The problems are pretty simple:

Given two unsorted arrays of distinct integers, $A$ and $B$, of size $m$ and $n$, determine all the common elements between the two arrays(the output must be sorted)

Which I believe has a lower-bound complexity of $\Omega((m+n)\log(\min(m,n)))$ (and $O(1)$ space complexity, if we exclude the input arrays), even though I cannot find any proof of this fact. [I found an algorithm with this complexity, so I(hopefully) am not underestimating the complexity.]

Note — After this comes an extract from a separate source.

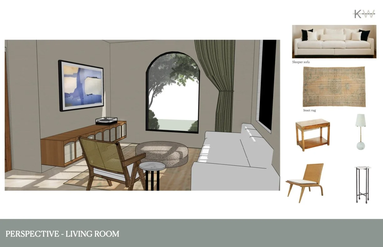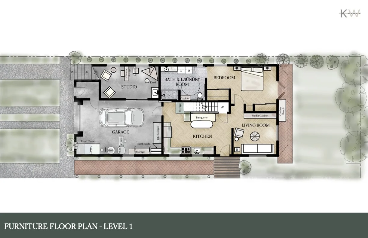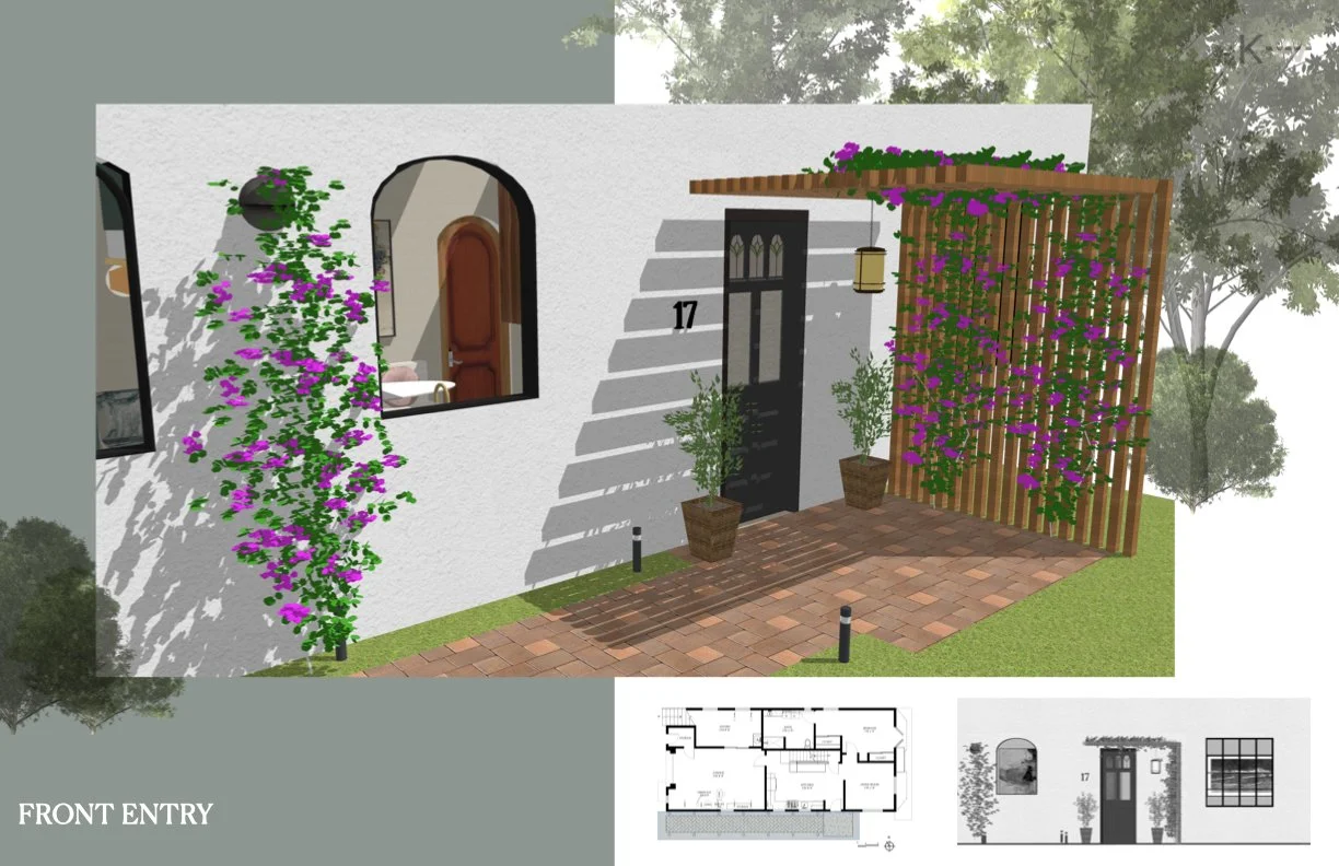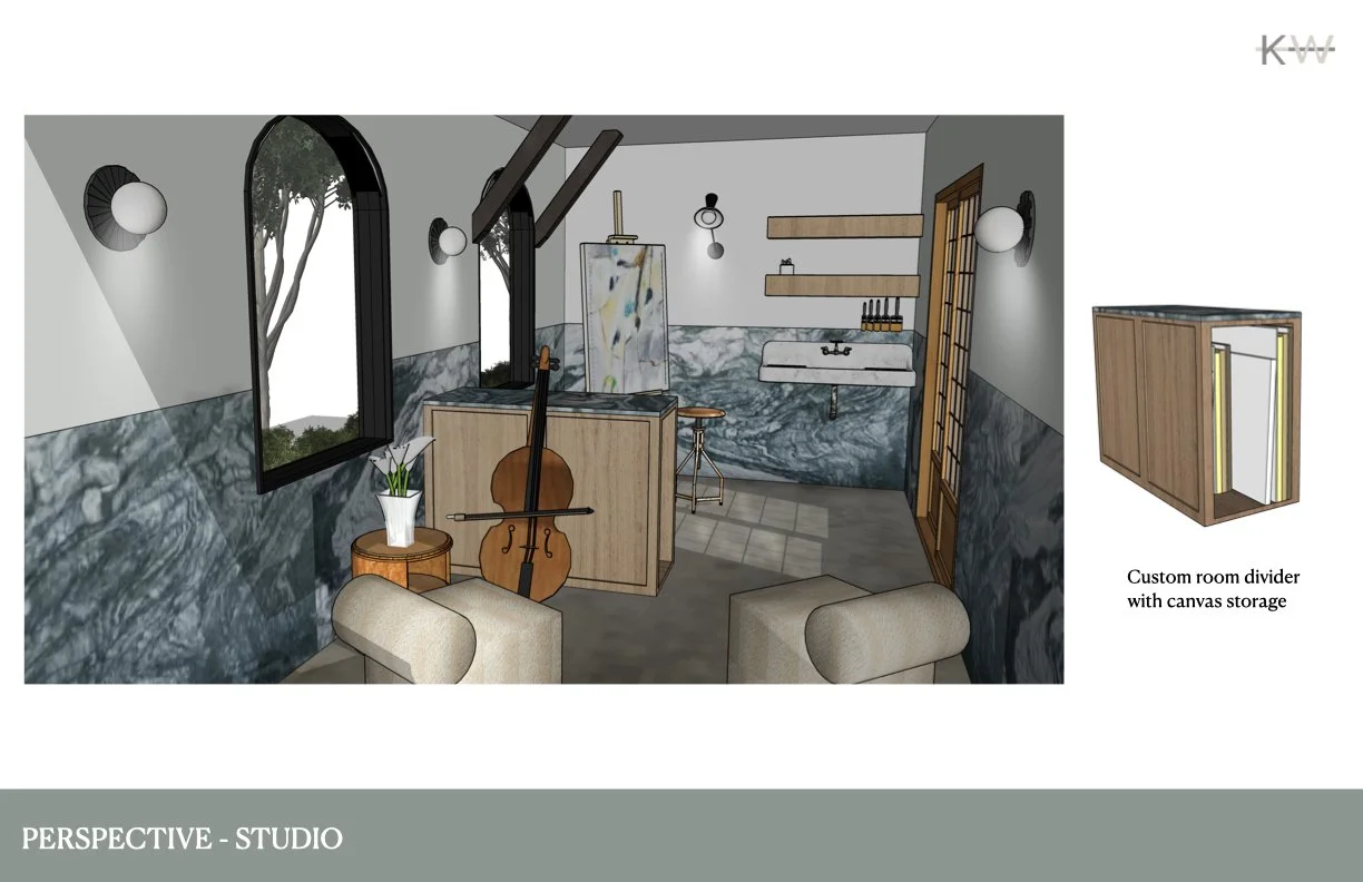 Retirees Joan and Harold are looking to convert the ground level of their San Francisco home into a proper one bedroom apartment, where they can age in place. Harold loves to paint and grow bougainvillea, while Joan still teaches cello lessons. They are an active couple with a lot of hobbies and an appreciation for fine wine. Storage for their record collection, bikes, surfboards, and display space for Joan’s pottery collection is desired. Their love for the Bay Area and the California coast must be felt within the home. An appreciation for the old and the new.

The other problem adds some restrictions(and hence I'd expect to be able to lower the complexity):

Given two unsorted arrays of distinct integers, $A$ and $B$, of size $m$ and $n$; knowing that common elements between the arrays have the same relative order in both arrays and that for every couple of consecutive common elements, their distance is at most $k$(constant), determine all the common elements between the two arrays maintaining their relative order and using at most $O(k)$ memory in addition to the input arrays.

I've tried to think about this second problem but I cannot see how the restrictions change the complexities. What puzzles me is that I believe that finding a single couple of elements between two unsorted arrays is $\Theta((n+m)\log(\min(n,m)))$, and since this is a special instance of this second problem then the restrictions do not add anything to the problem itself.

Are my guesses correct, and if so where can I find proofs for these lower-bounds? Do the restrictions change anything at all or the solution for the first problem is the best we can achieve in both cases?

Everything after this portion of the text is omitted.